- [Dataset extract]
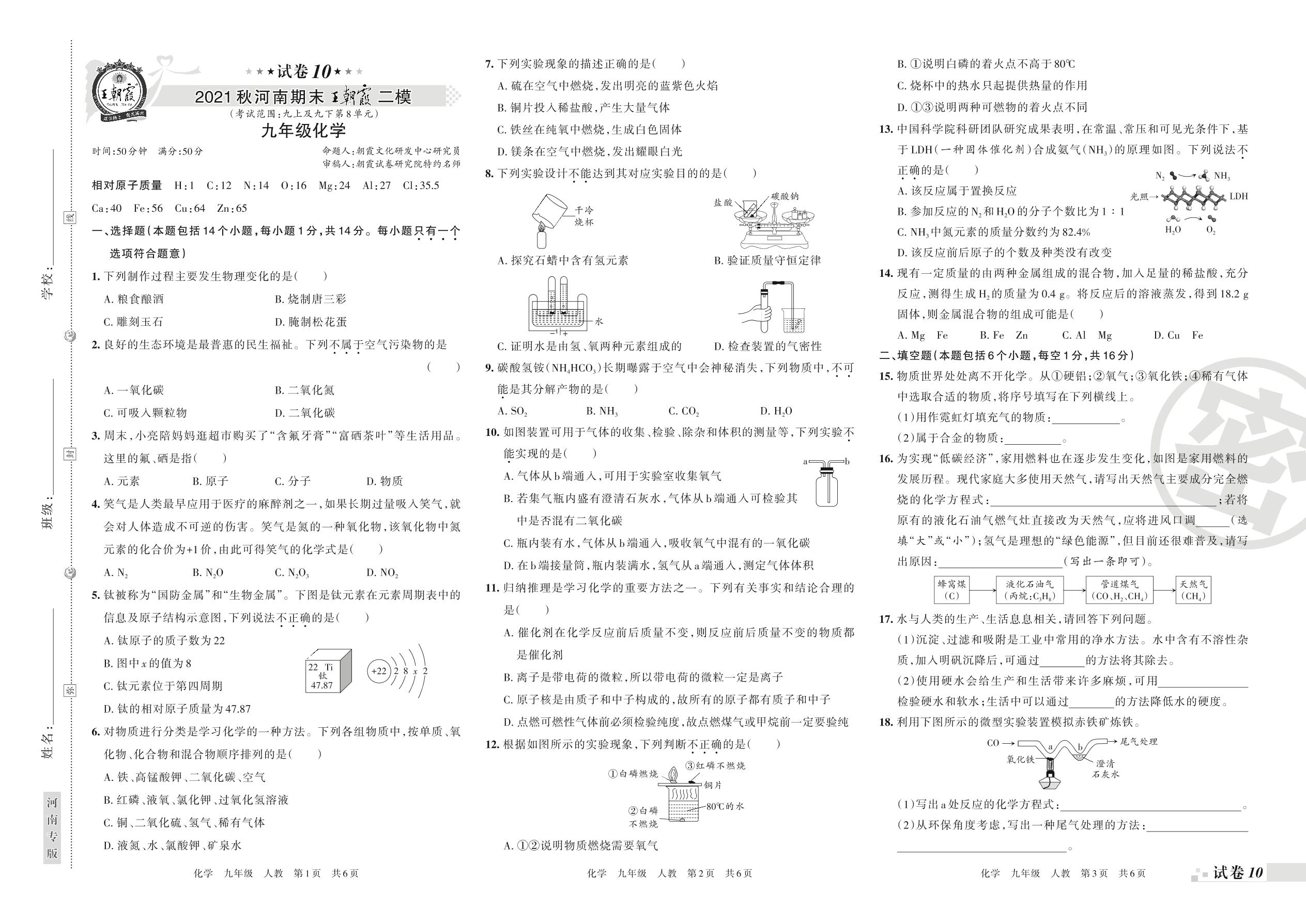 2021-2022学年第一学期王朝霞期末模拟卷九年级化学(人教版)_R211224140004580【10】
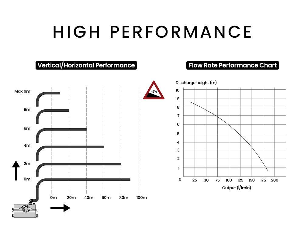 - Vertical Pumping (Max): 9m
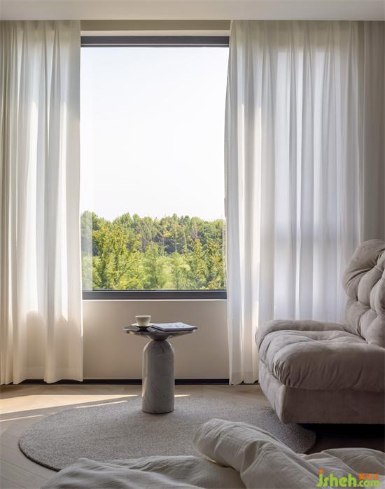 Introducing light into the room is a way for us to pursue nature. The size of the large bay makes it easy to introduce more light into the room. In the evening, a touch of setting sun is poured into the room through the shutters. The strong atmosphere created by dindar's light makes the residence shining at this moment.
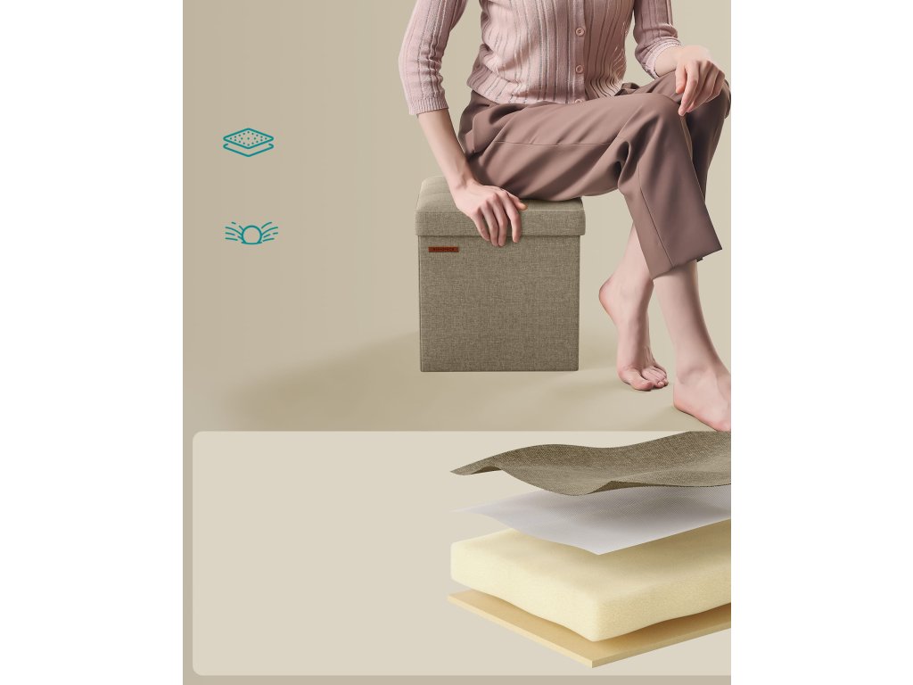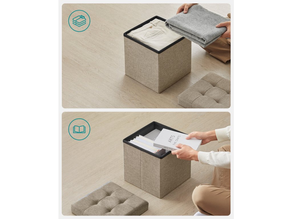 Tento čtvercový kus nábytku, který se vejde do více než jednoho rohu, mámnohostranné využití, a to jako sedadlo, kufr, úložný prostor pro drobné předměty, hračky a jako opěrka nohou.
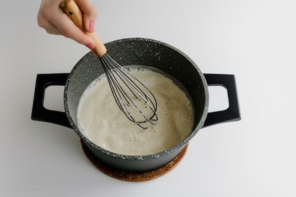 Po chwili stopniowo wsypujemy kaszę mannę nieustannie mieszając, aby zapobiec tworzeniu się grudek. Gotujemy przez kilka minut, dopóki masa nie stanie się gęsta i przejrzysta.
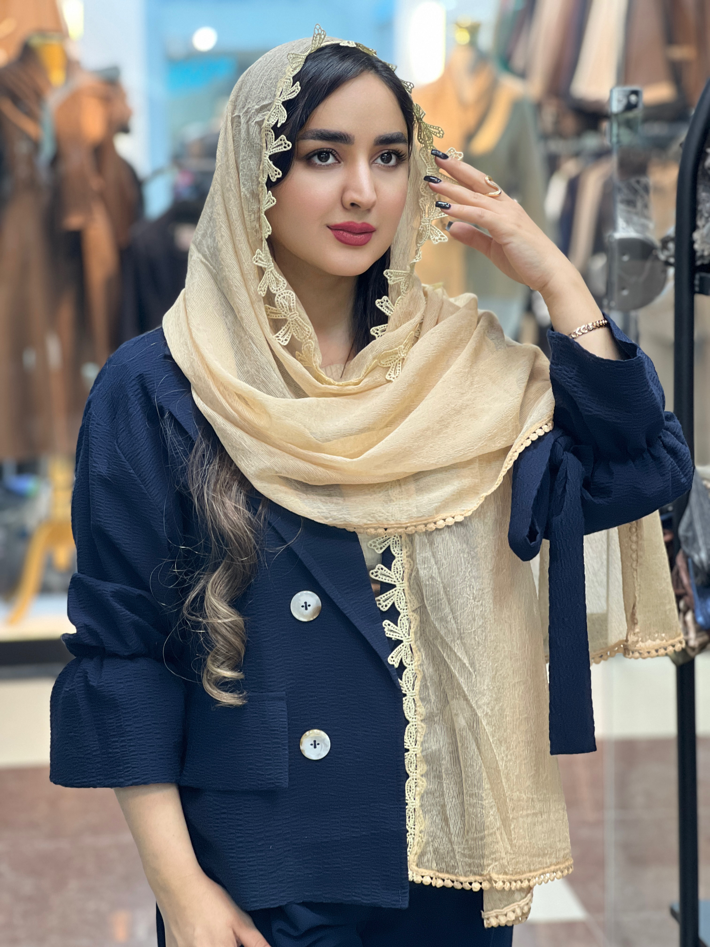 شال حریر لبه پاپیونی و عدسی یکی از شیکترین و خاصترین انتخابها برای استایلهای مجلسی و روزمره است. این شال با جنس حریر سبک و لطیف، ایستایی فوقالعادهای دارد و بهدلیل طراحی منحصربهفرد لبه پاپیونی و عدسی، جلوهای زنانه، ظریف و بسیار جذاب ایجاد میکند. اگر بهدنبال شالی هستید که هم ظاهر شما را متفاوت کند و هم با انواع مانتوهای ساده و مجلسی ست شود، این مدل یک انتخاب ایدهآل است.
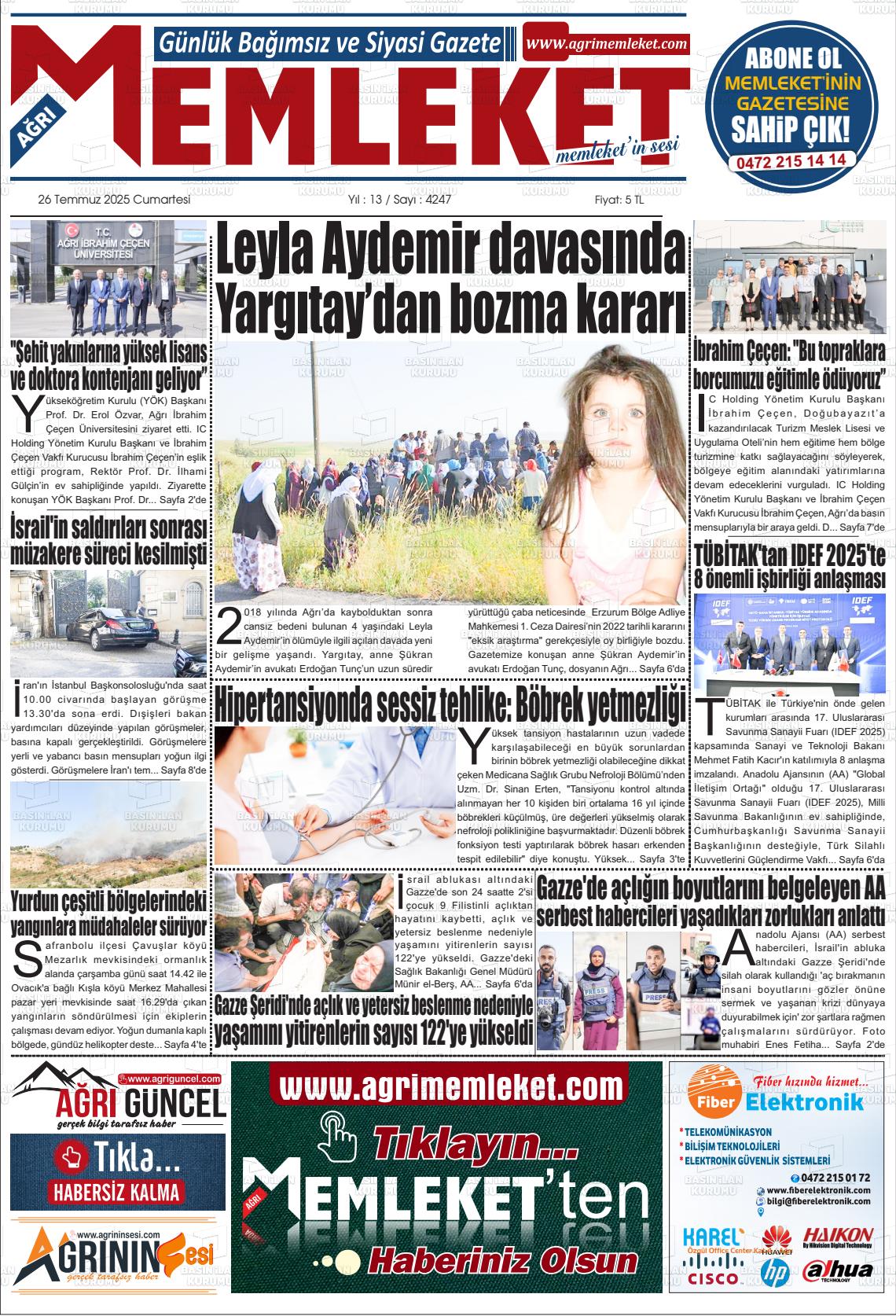 Ağrı Yerel Gazeteleri 13 Kasım 2025, Perşembe Günü Manşeti
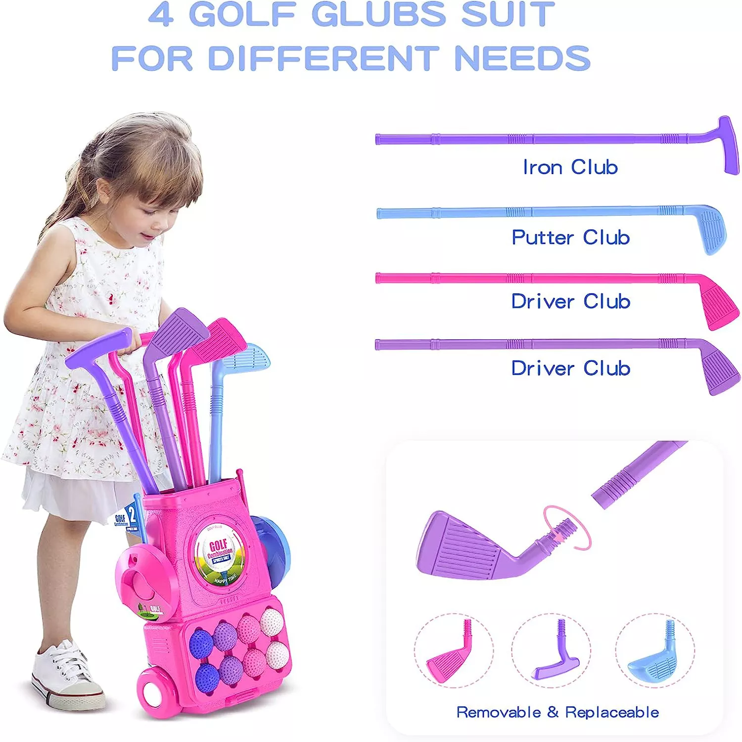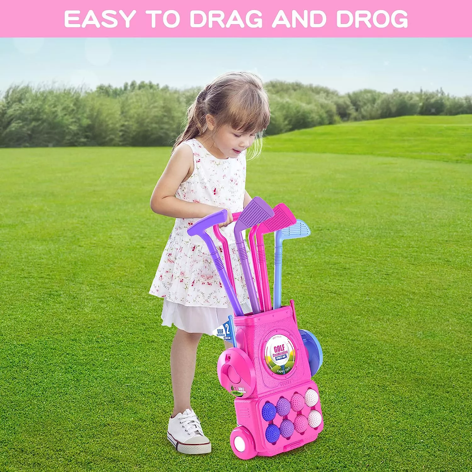 Kids Pink Golf Club Set with Putting Mat, 4 Clubs & Wheeled Cart for Toddlers
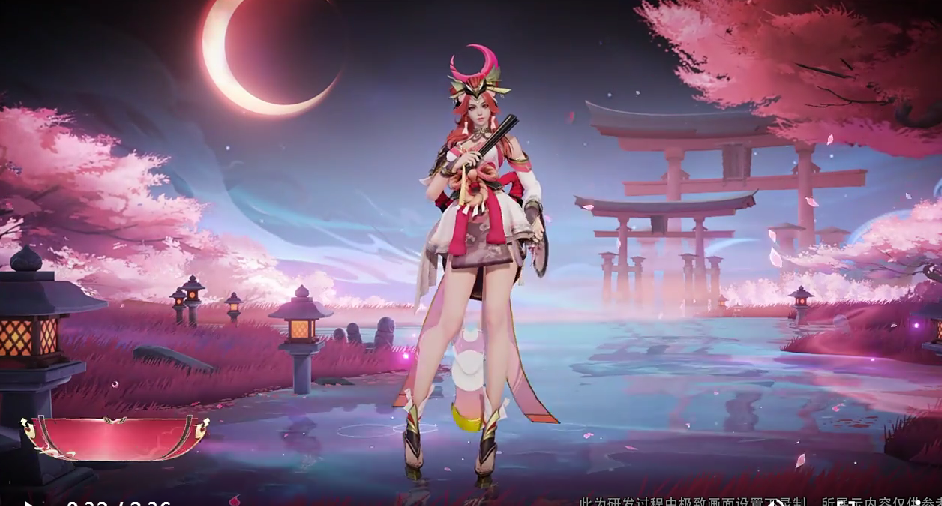 绯月行无论是配色还是皮肤的装扮,观感上都趋向于中国风,设计在了国内王者玩家的审美上。火舞的原型大家都知道,国风的设计让原先的火舞失去了一些特色,但这无关紧要,游戏就要做出大胆的改变,这样才有创新。火舞的武器还是扇子,别看扇子的面积大,但玩家的关注点都被头顶上的月亮所吸引,那种紫红色的颜色特别抓人眼球。
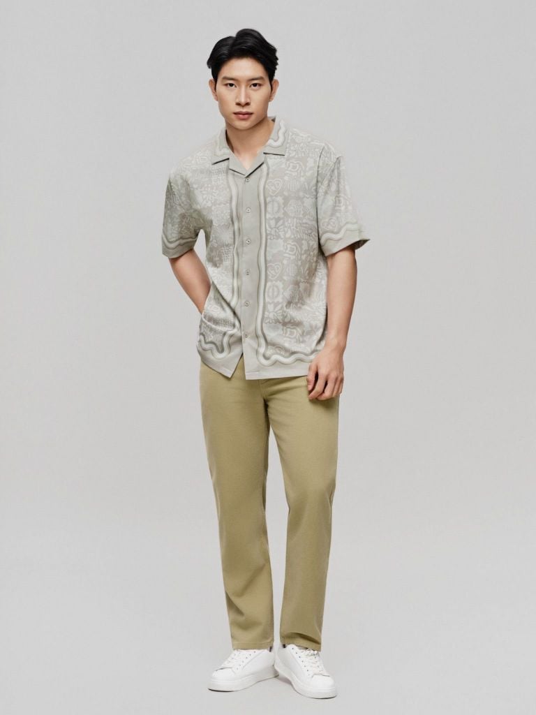 Thiết kế cổ áo cuban cổ điển những vẫn hiện đại, hoạt tiết in độc đáo trên vải. Màu sắc dễ phối và phụ hợp cho nhiều tone da.
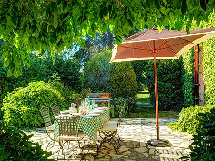 Outside: Enclosed mature grounds of garden, variety of trees, covered and open terraces. Barbecue. Table tennis. Private parking.
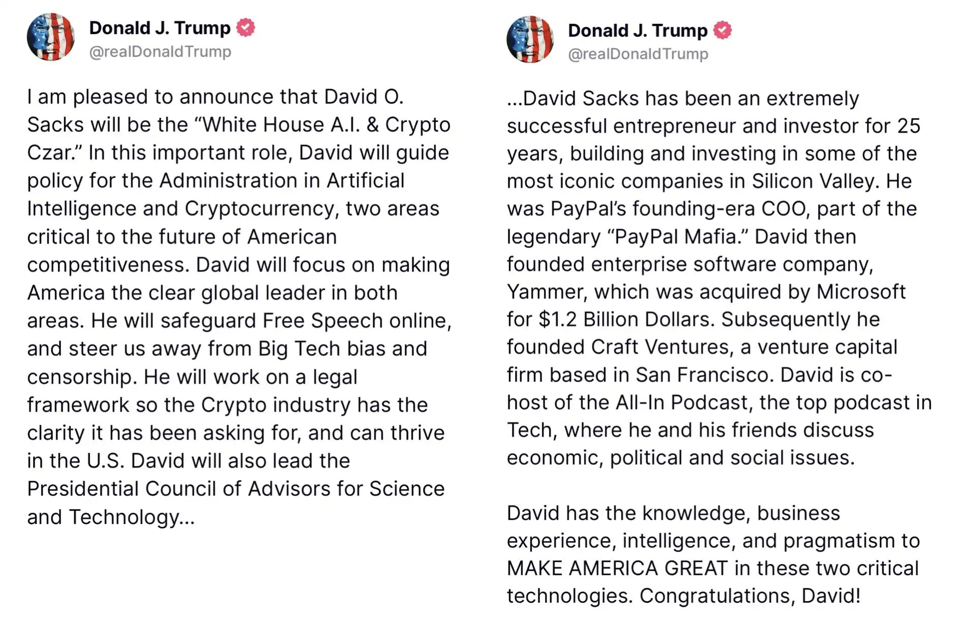 特朗普这样介绍 David Sacks,「他在过去 25 年中是一位极为成功的企业家和投资者,曾参与打造和投资硅谷最具标志性的一些公司。他曾是 PayPal 创始时期的首席运营官,是传奇的「PayPal 黑帮」成员之一。此后,他创立了企业软件公司 Yammer,后被微软以 12 亿美元收购。随后他创立了总部位于旧金山的风险投资公司 Craft Ventures。David 还是知名科技播客《All-In Podcast》的联合主持人,他与朋友们在节目中探讨经济、政治和社会问题。」
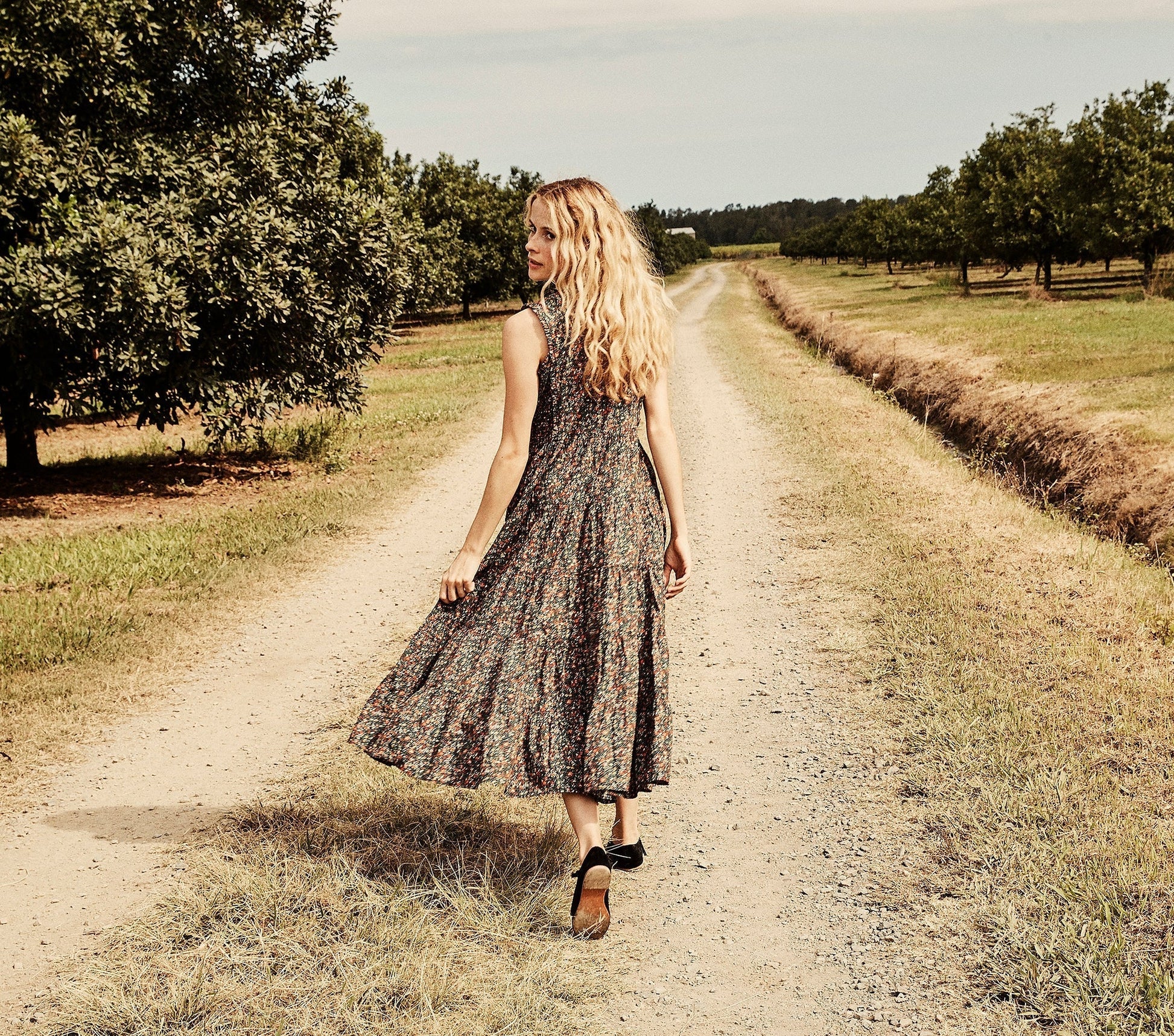 In 100% cotton, the DÔEN Raven Dress has a close-clinging bodice trimmed with tiny pleated ruffles at the neck opening and sleeve hems to add texture to the allover floral print. Smocking at the side panels adds ease, with a natural waist seam descending to a long skirt with five smocked tiers. The rose-strewn print stands out in a crowd or blends into the wild forest - however you prefer to wear it.

- [Requirement]
With pictures omitted, repeat the entries above word for word from the line holding "- Vertical Pumping (Max): 9m" down to the line holding "特朗普这样介绍 David Sacks,「他在过去", keeping both of those lines.

- [Output for this task]
 - Vertical Pumping (Max): 9m
 Introducing light into the room is a way for us to pursue nature. The size of the large bay makes it easy to introduce more light into the room. In the evening, a touch of setting sun is poured into the room through the shutters. The strong atmosphere created by dindar's light makes the residence shining at this moment.
 Tento čtvercový kus nábytku, který se vejde do více než jednoho rohu, mámnohostranné využití, a to jako sedadlo, kufr, úložný prostor pro drobné předměty, hračky a jako opěrka nohou.
 Po chwili stopniowo wsypujemy kaszę mannę nieustannie mieszając, aby zapobiec tworzeniu się grudek. Gotujemy przez kilka minut, dopóki masa nie stanie się gęsta i przejrzysta.
 شال حریر لبه پاپیونی و عدسی یکی از شیکترین و خاصترین انتخابها برای استایلهای مجلسی و روزمره است. این شال با جنس حریر سبک و لطیف، ایستایی فوقالعادهای دارد و بهدلیل طراحی منحصربهفرد لبه پاپیونی و عدسی، جلوهای زنانه، ظریف و بسیار جذاب ایجاد میکند. اگر بهدنبال شالی هستید که هم ظاهر شما را متفاوت کند و هم با انواع مانتوهای ساده و مجلسی ست شود، این مدل یک انتخاب ایدهآل است.
 Ağrı Yerel Gazeteleri 13 Kasım 2025, Perşembe Günü Manşeti
 Kids Pink Golf Club Set with Putting Mat, 4 Clubs & Wheeled Cart for Toddlers
 绯月行无论是配色还是皮肤的装扮,观感上都趋向于中国风,设计在了国内王者玩家的审美上。火舞的原型大家都知道,国风的设计让原先的火舞失去了一些特色,但这无关紧要,游戏就要做出大胆的改变,这样才有创新。火舞的武器还是扇子,别看扇子的面积大,但玩家的关注点都被头顶上的月亮所吸引,那种紫红色的颜色特别抓人眼球。
 Thiết kế cổ áo cuban cổ điển những vẫn hiện đại, hoạt tiết in độc đáo trên vải. Màu sắc dễ phối và phụ hợp cho nhiều tone da.
 Outside: Enclosed mature grounds of garden, variety of trees, covered and open terraces. Barbecue. Table tennis. Private parking.
 特朗普这样介绍 David Sacks,「他在过去 25 年中是一位极为成功的企业家和投资者,曾参与打造和投资硅谷最具标志性的一些公司。他曾是 PayPal 创始时期的首席运营官,是传奇的「PayPal 黑帮」成员之一。此后,他创立了企业软件公司 Yammer,后被微软以 12 亿美元收购。随后他创立了总部位于旧金山的风险投资公司 Craft Ventures。David 还是知名科技播客《All-In Podcast》的联合主持人,他与朋友们在节目中探讨经济、政治和社会问题。」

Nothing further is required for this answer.